• RECORDED DATA:
○ ○ ○ ○ ○
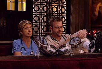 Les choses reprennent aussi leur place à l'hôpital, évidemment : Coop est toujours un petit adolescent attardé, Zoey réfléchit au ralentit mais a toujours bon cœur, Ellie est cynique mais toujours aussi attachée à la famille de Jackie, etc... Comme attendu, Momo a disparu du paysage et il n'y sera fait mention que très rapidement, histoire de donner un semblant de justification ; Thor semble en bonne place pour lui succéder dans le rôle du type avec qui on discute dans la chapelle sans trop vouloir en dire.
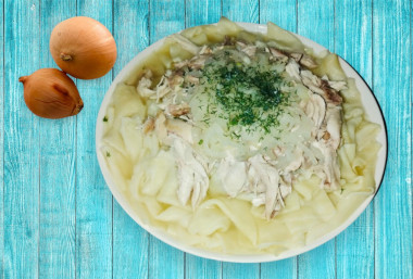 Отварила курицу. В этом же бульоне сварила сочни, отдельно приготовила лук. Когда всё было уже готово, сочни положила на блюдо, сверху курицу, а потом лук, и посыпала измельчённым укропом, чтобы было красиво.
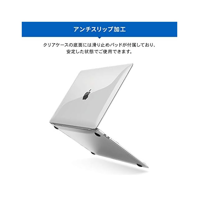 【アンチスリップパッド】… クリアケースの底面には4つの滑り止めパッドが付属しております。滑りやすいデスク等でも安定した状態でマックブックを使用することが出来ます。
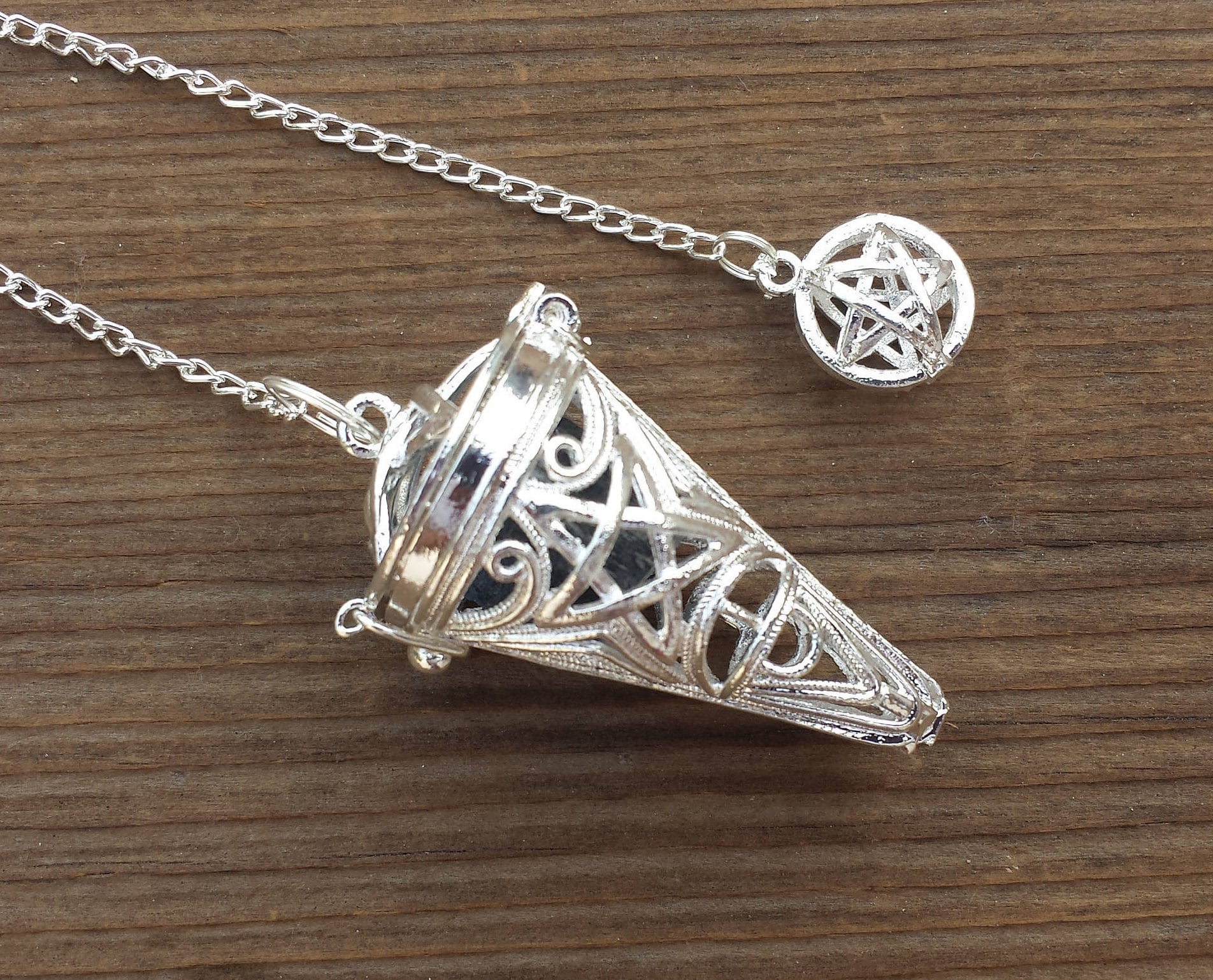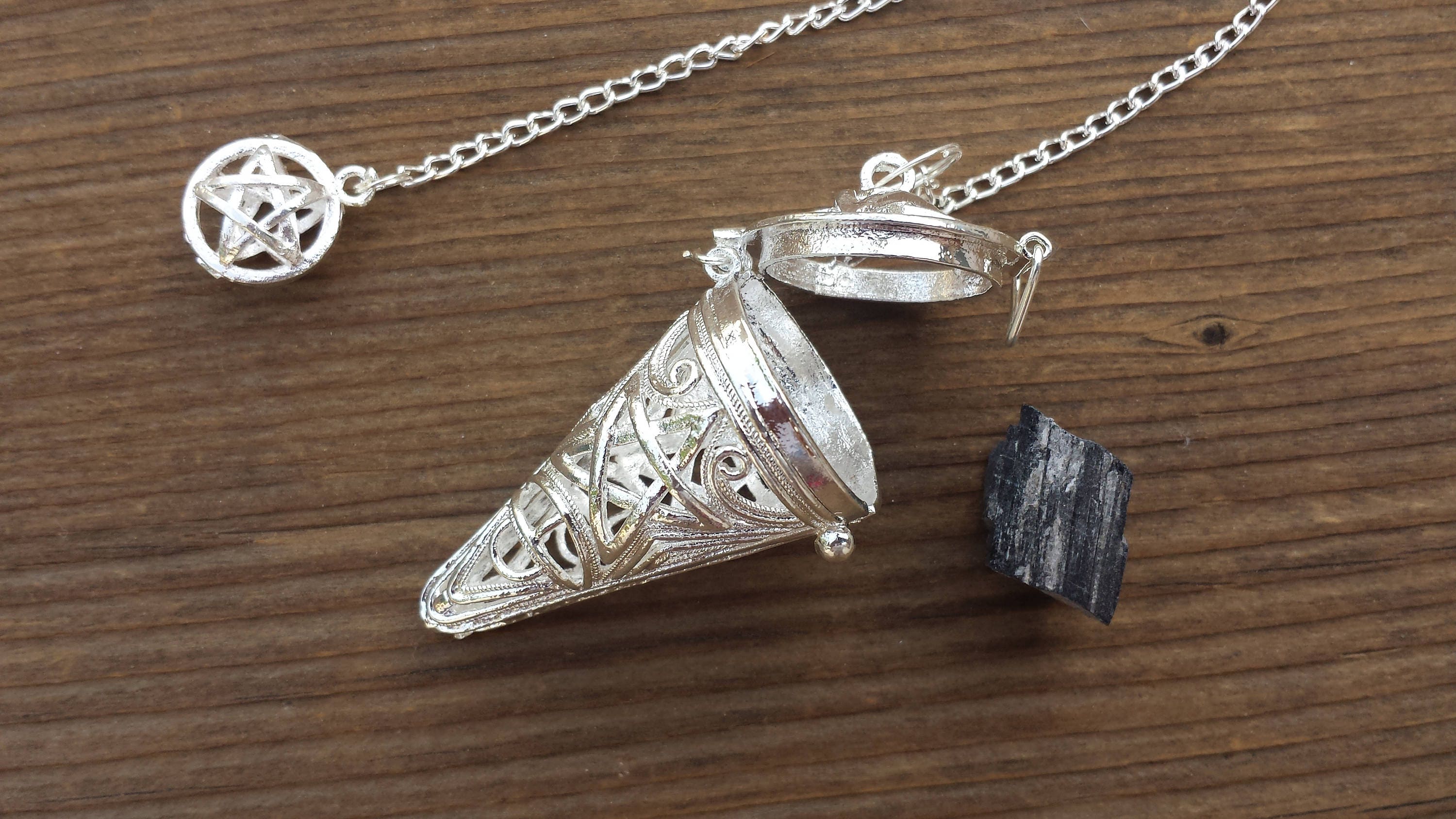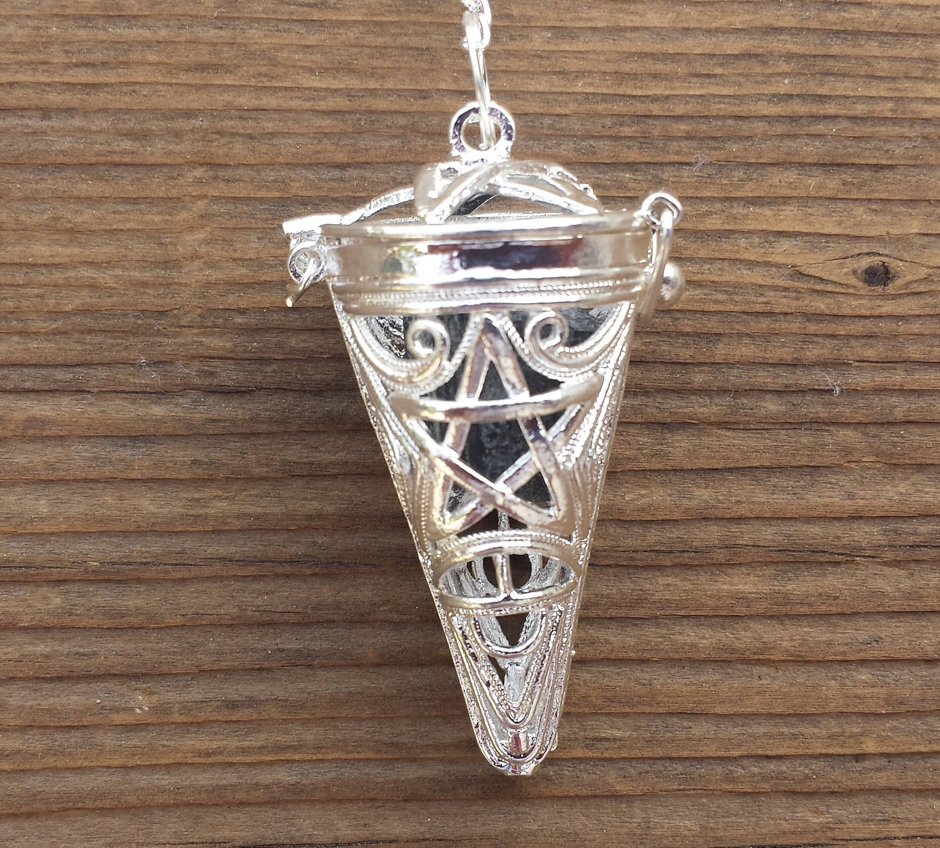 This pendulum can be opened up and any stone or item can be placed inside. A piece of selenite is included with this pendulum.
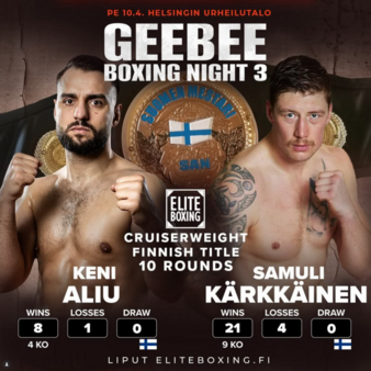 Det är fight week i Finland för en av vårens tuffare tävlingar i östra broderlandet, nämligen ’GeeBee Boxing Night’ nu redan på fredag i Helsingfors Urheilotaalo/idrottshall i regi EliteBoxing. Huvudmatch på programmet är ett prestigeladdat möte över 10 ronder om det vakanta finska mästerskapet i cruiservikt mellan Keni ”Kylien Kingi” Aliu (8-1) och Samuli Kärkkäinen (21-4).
○ ○ ○ ○ ○
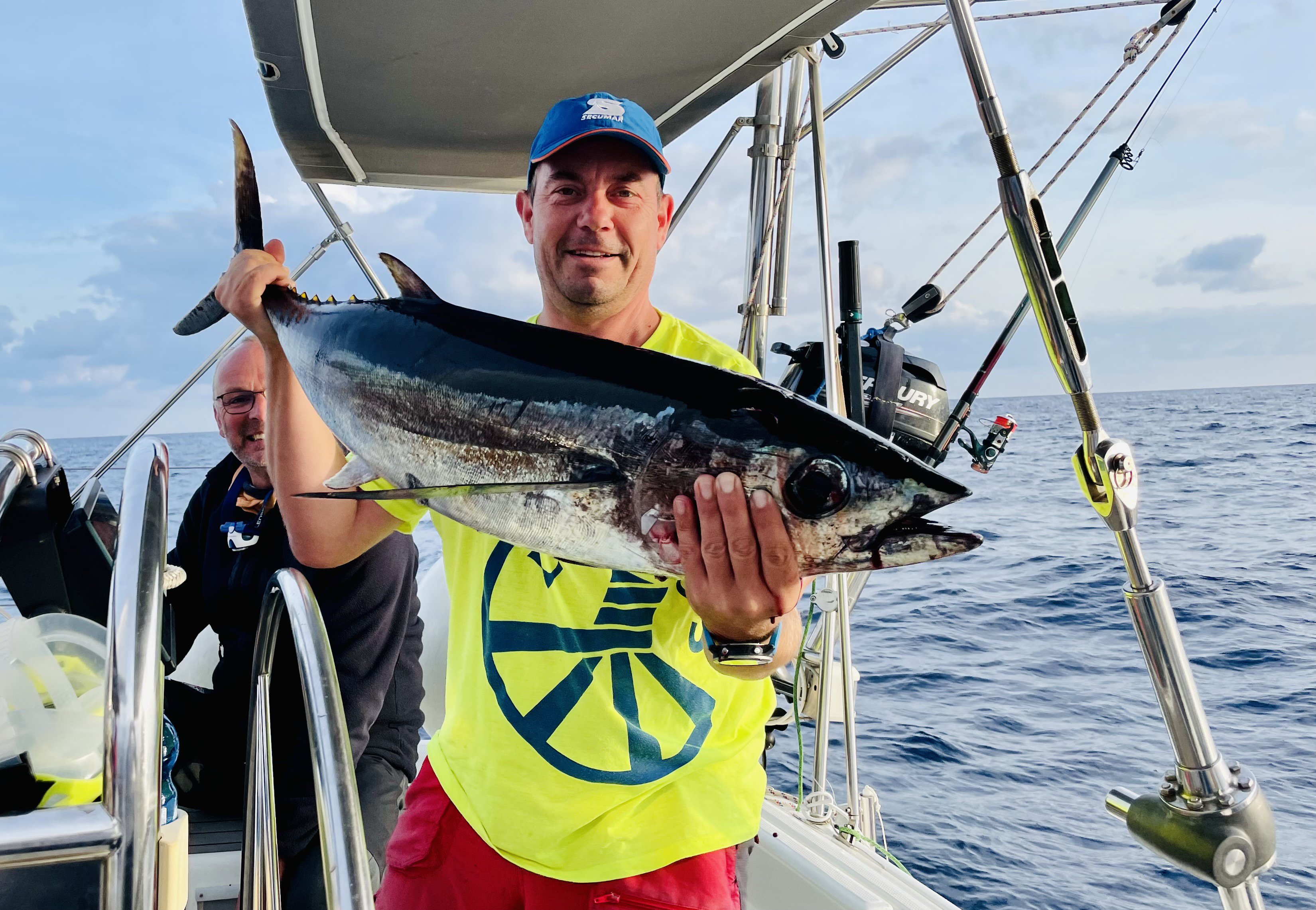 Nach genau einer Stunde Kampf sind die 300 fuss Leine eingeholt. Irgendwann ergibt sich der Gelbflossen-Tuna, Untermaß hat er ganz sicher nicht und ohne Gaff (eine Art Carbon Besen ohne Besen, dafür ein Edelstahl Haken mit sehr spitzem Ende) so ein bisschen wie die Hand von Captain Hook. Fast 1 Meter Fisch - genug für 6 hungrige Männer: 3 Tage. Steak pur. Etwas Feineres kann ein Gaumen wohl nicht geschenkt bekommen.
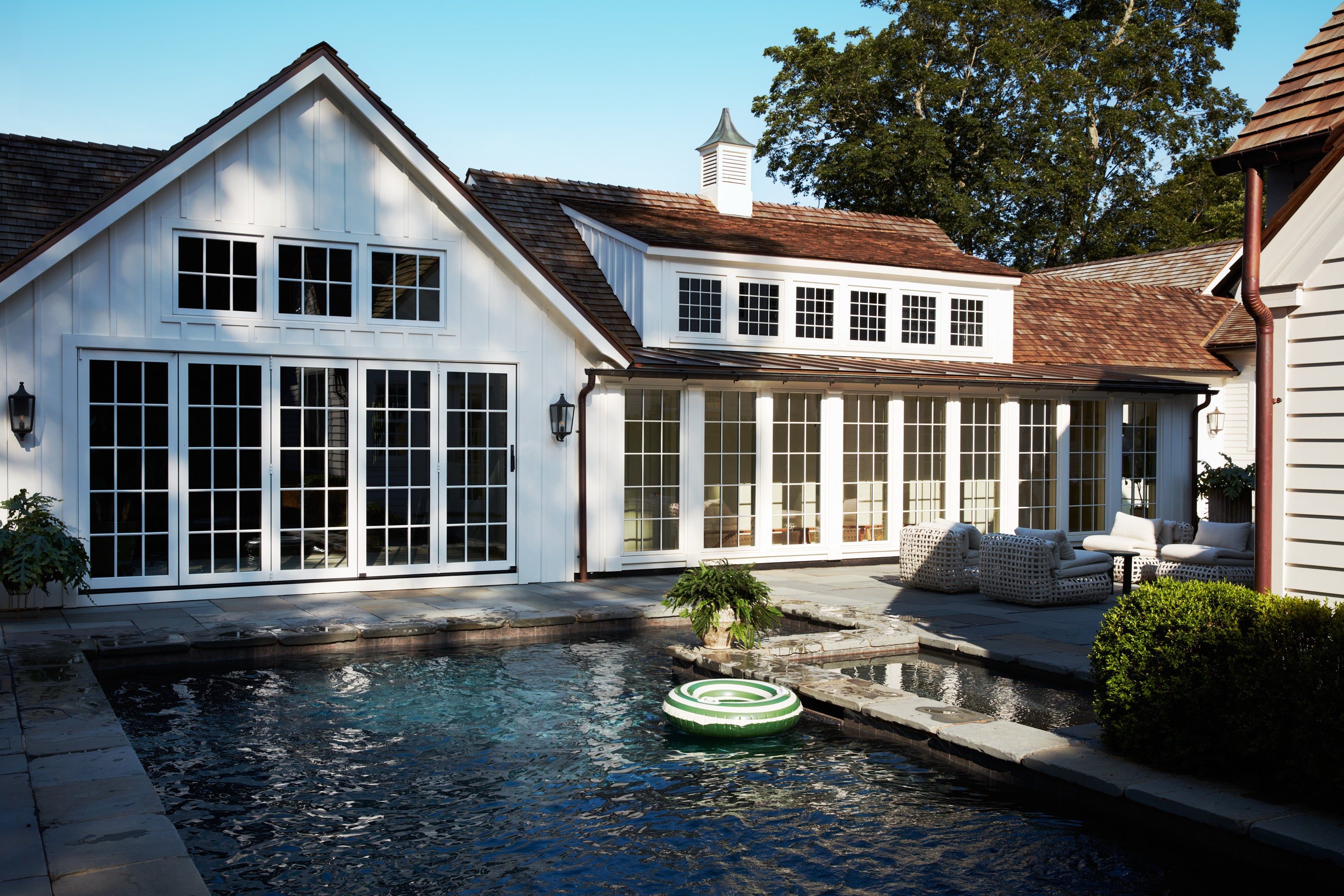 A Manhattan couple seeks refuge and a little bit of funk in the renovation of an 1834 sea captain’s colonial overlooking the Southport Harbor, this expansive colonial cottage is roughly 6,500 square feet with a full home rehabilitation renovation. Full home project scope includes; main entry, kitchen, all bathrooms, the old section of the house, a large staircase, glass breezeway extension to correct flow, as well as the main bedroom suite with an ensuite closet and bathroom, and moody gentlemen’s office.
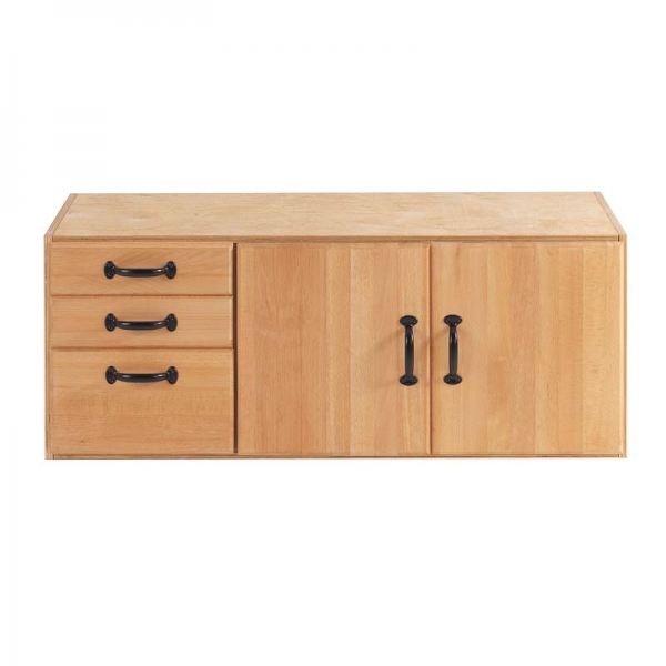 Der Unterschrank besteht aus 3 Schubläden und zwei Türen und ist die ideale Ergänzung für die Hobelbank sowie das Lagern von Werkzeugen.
○ ○ ○ ○ ○
• TRY IT:
Nothing but the lines from the one with "Les choses reprennent" to the one with "Det är fight" above, both included, should be transcribed, exactly and without pictures.

• ANSWER FOR THE TASK:
 Les choses reprennent aussi leur place à l'hôpital, évidemment : Coop est toujours un petit adolescent attardé, Zoey réfléchit au ralentit mais a toujours bon cœur, Ellie est cynique mais toujours aussi attachée à la famille de Jackie, etc... Comme attendu, Momo a disparu du paysage et il n'y sera fait mention que très rapidement, histoire de donner un semblant de justification ; Thor semble en bonne place pour lui succéder dans le rôle du type avec qui on discute dans la chapelle sans trop vouloir en dire.
 Отварила курицу. В этом же бульоне сварила сочни, отдельно приготовила лук. Когда всё было уже готово, сочни положила на блюдо, сверху курицу, а потом лук, и посыпала измельчённым укропом, чтобы было красиво.
 【アンチスリップパッド】… クリアケースの底面には4つの滑り止めパッドが付属しております。滑りやすいデスク等でも安定した状態でマックブックを使用することが出来ます。
 This pendulum can be opened up and any stone or item can be placed inside. A piece of selenite is included with this pendulum.
 Det är fight week i Finland för en av vårens tuffare tävlingar i östra broderlandet, nämligen ’GeeBee Boxing Night’ nu redan på fredag i Helsingfors Urheilotaalo/idrottshall i regi EliteBoxing. Huvudmatch på programmet är ett prestigeladdat möte över 10 ronder om det vakanta finska mästerskapet i cruiservikt mellan Keni ”Kylien Kingi” Aliu (8-1) och Samuli Kärkkäinen (21-4).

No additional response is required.